-- Aim of the task --
Repeat what the lines below say, word for word, and skip every image.

-- Provided data --

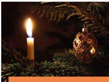
GYEREKKORI KARÁCSONYI FÉNYEK Flament Krisztina írása 2.o.
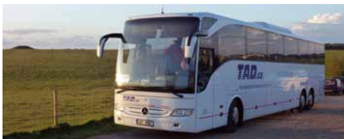
Mercedes 57 míst, rok výroby 2009
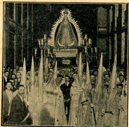
MARÍA SANTÍSIMA DE LA CONCEPCIÓN DOLOROSA

-- Response --
GYEREKKORI KARÁCSONYI FÉNYEK Flament Krisztina írása 2.o.
Mercedes 57 míst, rok výroby 2009
MARÍA SANTÍSIMA DE LA CONCEPCIÓN DOLOROSA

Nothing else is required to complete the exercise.